第58話 県2部リーグ第8節②
木田: 南紀ウメスタSC データ収集班
高橋: 南紀ウメスタSC サポーター
※各選手は省略
ーーーーーーーーーー
【11.17. 15:15 黒船SP Field of play】
自分だけ浮いている、その感覚に気づいた。
なぜ皆は真田が出場しないことでモチベーションを高められたのだろう。
それはきっと、自分自身を奮い立たせたのだ。選手ひとりひとりが「俺がチームを勝たせるんだ」という気持ちになったのかもしれない。
なぜチームを勝たせるモチベーションを皆は持っているのだろう。
それはきっと、勝利の先に目指すものがあるから。チームの昇格、個人の評価、人生の転機。
「そうか、お前はそうじゃないんだな」
そう、自分はそうではないのだ。自分だけ今この瞬間に走っていることが自分事ではないのだ。
誰かにとって必要な人間でありたいという、その根源的な欲求が満たされていたのが今の環境だった。初めてピッチに立ったその時からそうだった。
じゃあその誰かがいなくなったら? なんのために走ればいいのか分からない。
「おまえは他のみんなと別に違ってないよ。全員同じ気持ちを持ってやってる」
全員が誰かから必要とされたくて走っている。なぜなら社会の中で人間は他者の存在なくして生きてはいけないからだ。
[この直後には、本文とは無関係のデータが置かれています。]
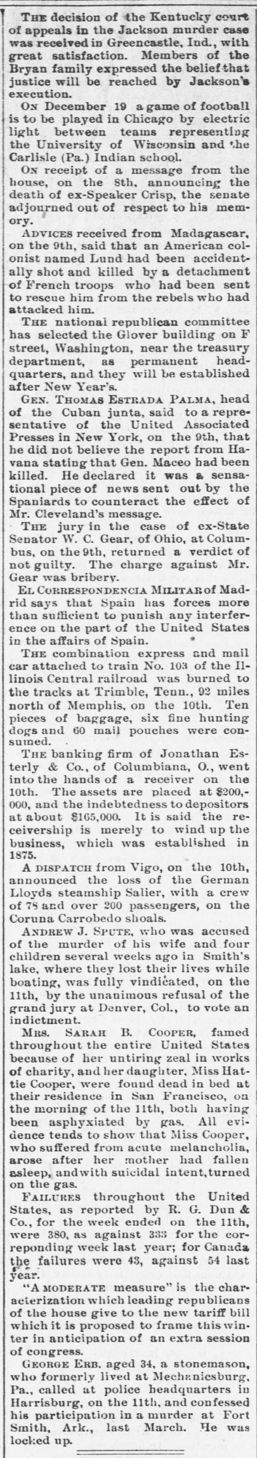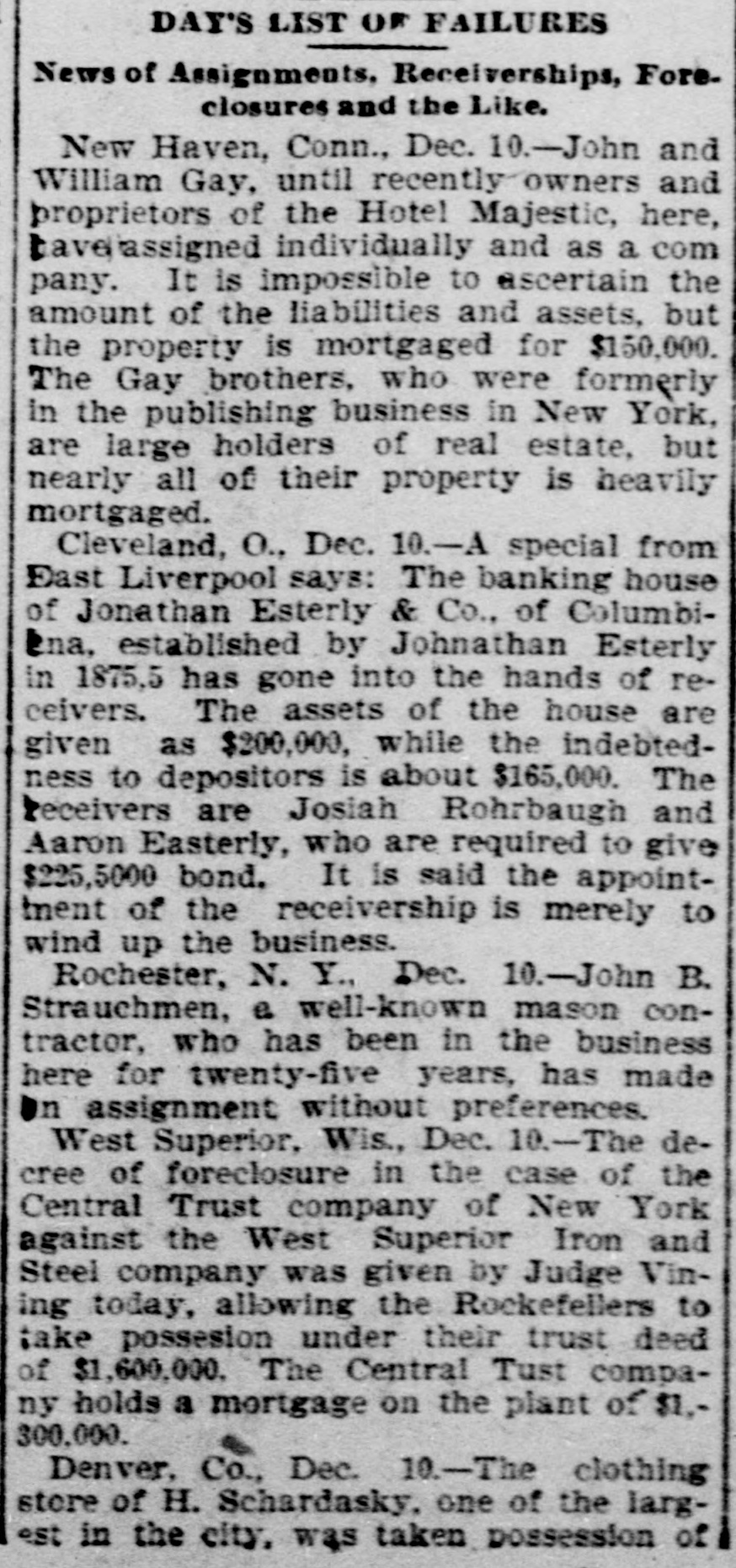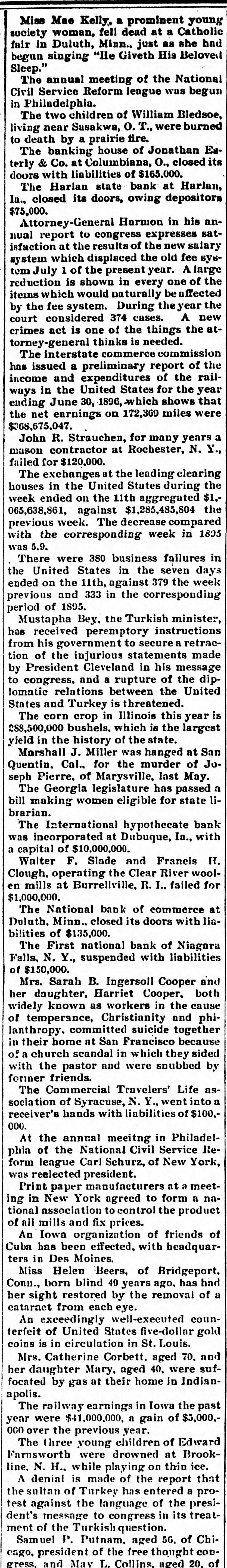 MINING STOCKS. Bulwer $0 38 Ontario $7 00 Cholor 90 80 Ophir Crown Point 17 20 Plymouth 00 Con. Cal. & Va 1 1 00 Quicksilver Deadwood 1 35 1 do pfd 25 35 Gould & Curry Sierra Nevada Hale & Norcross 85 Standard 3 50 Homestake 33 00 30 Union Con Iron Silver 25 Yellow Jacket 20 Mexican 35 WALL STREET TALK. The stock exchange will be closed on Dec. 26, the Saturday following Christmas day, but will be open on Saturday, Jan. 2, owing to the large financial settlements due on Jan. 1. One of the developments in the market was the sale of Long Island stock at a considerable decline, which may be referred to the death of Mr. Corbin, who for years had conducted the company, as a one man affair. Well advised people at Washington do not attach any importance to the rumors about the U. P. funding bill. It is pointed out that while such a measure might pass the house its case it would be a hopeless one in the senate. A leader in Wall street is the necessity of the hour and nobody seems willing to come forward and encourage largely on the bull or bear side of the list. St. Paul earnings show loss of nearly $114,000 for the first week of December. BANKS ABROAD. BERLIN, Dec. 10-The weekly statement of the Imperial Bank of Germany shows the following changes as compared with the previous account: Cash in hand, decrease, 2,140,000 marks; treasury notes, increase, 200,000; other securities, decrease, 333,500,000; notes in circulation, decrease, 23,840,000. London, Dec. 10.-The weekly statement of the Bank of England shows the following changes as compared with the previous account: Total reserve, increase, £393,000; circulation, decrease, £286,000; bullion, increase, £106,504; other securities, increase, £98,000; other deposits, decrease, £22,000; public deposits, increase, £465,000; notes reserve, increase, £505,000; government securities unchanged. The proportion of the Bank of England's reserve to liability, which last week was 53.81 per cent, is now 54.9 per cent. FOREIGN FINANCIAL. NEW YORK, Dec. 10.-Evening Post's London financial cablegram: The stock market opened dull today, but closed better all around with the bears covering. Business was quiet, with a good undertone. The rise in money rates has little effect, because it is usual at the end of the year. The rise in Indian exchange is closely watched, and council bills sold today as high as 1.3 13-32. Brazil bonds continue to rise. It is reported that today's withdrawals from the Bank of England for Egypt forms a part of this £500,000 to be paid to the British government in return for the advance made by the Egyptian government for Soudan expedition, but I believe that such It not the case. It is probably an ordinary transaction. The Paris and Berlin markets were firm. There was a better tone in Paris, where each month successfully passed should mean & safer financial position, which is by no means clear yet. BANKING HOUSE QUITS. CLEVELAND. Dec. 10.-he banking house of Jonathan Esterly & Co., of Columbiana, has gone into the hands of receivers. The assets of the house are given as $200,000, while the indebtedness to depositors is about $165,000. The receivers are required to give $225,000 bond. It is said the appointment of the receivers is merely to wind up the business. NEW YORK MONEY. NEW YORK. Dec. 10.-Money on call, 1½ 2 per cent; last loan, 1½; closed, 1½@2. Prime mercantile paper, 4@5. Sterling exchange steady, with actual business in bankers' bills at $4.861/2@4.86% for demand and $4.83% for sixty days. Posted rates, ..84@4.84½ and $4.87@4.87½. Comercial bills, $4.821/2. Silver certificates, 65%@65%c. Bar silver, 651/4c. CLOTHING STORE CLOSED. DENVER, Dec. 10.-The clothing store of H. Schradsky, one of the largest in the city, was attached today by Kahn & Co., of Chicago, for a claim of $6,400. No statement of assets and liabilities has been given, but the stocks are estimated at $50,000 to $75,000 and are claimed to be for in excess of liabilities. BANK CLEARINGS. St. Paul-$752,534.68. Minneapolis-$1,849,284.07; for the week, $10,691,960.70. New York-Clearings, $97,340,475; balances, $6,771,068. Boston-Clearings, $14,242,179; balances, $1,533,328. NOT MUCH CASH. TOPEKA, Kan., Dec. 10.-An examination of the assets of the recently failed Baxter Springs bank, of which Col. Alexander Warner was president, reveals but $29.36 in cash on hand. The capital stock of the bank was $65,000. TREASURY STATEMENT. WASHINGTON, Dec. 10.-Today's statement of the condition of the treasury shows: Available cash balances, $225,976,442; gold reserve, $133,086,990. BOMBAY RATE RAISED. BOMBAY, Dec. 10.-The Bank of Bombay has increased its rate of discount from 8 to 9 per cent. CHICAGO MONEY. CHICAGO, Dec. 10.-Money steady, unchanged. New York exchange, 40c premium. Foreign exchange firm; demand, $4.86%; sixty days, $4.83%. LONDON RATE UNCHANGED. LONDON, Dec. 10.-The Bank of England's rate of discount remains unchanged at 4 per cent.

「じゃあなんで後半、おまえはまたピッチに立とうとしている?」
それは、ここで自分が急にいなくなったら皆に迷惑をかけるから。
「なぜ、いなくなったら迷惑をかけると思う?」
それは、この試合で自分が活躍できると信じて選んでくれた人がいるから。自分がピッチに立つことを応援してくれている人がいるから。
「それは必要とされてるってことじゃないのか?」
それは。
それはそうだ。そうなってしまう。
でもそれなら、なぜ自分は奮い立たないのだろう。
「目が見えてないだけだよ」
その誰かを自分が認識しなければ、自分が走る理由に結びつけられないのかもしれない。ひどく不自由な生き物だ。
「目を開ける方法を教えてやる。まず耳を開けるんだ。声が聞こえてくる。声が聞こえてくれば、誰が声を上げてくれたのか探すようになる。もし声が聞こえなければ」
ゴールを決めろ。
スポットライトを自分に当てろ。
自分が輝けば。
その眩しさにみんなが声をあげるぞ。
「西野さん!」
「もう時間がないぞ!」
まだ周囲からの声は声になっていない。
それはチームメイトの口から発せられた、ただの音だ。自分自身の心臓の音と大差ない。
どん、と背中を押された。
自分より大きな男の存在を背後に感じる。
なぜ彼は自分の前に立ち塞がっているのか。それはきっと、彼も輝こうとしているからだ。そうか、皆そうやって走っているのだ。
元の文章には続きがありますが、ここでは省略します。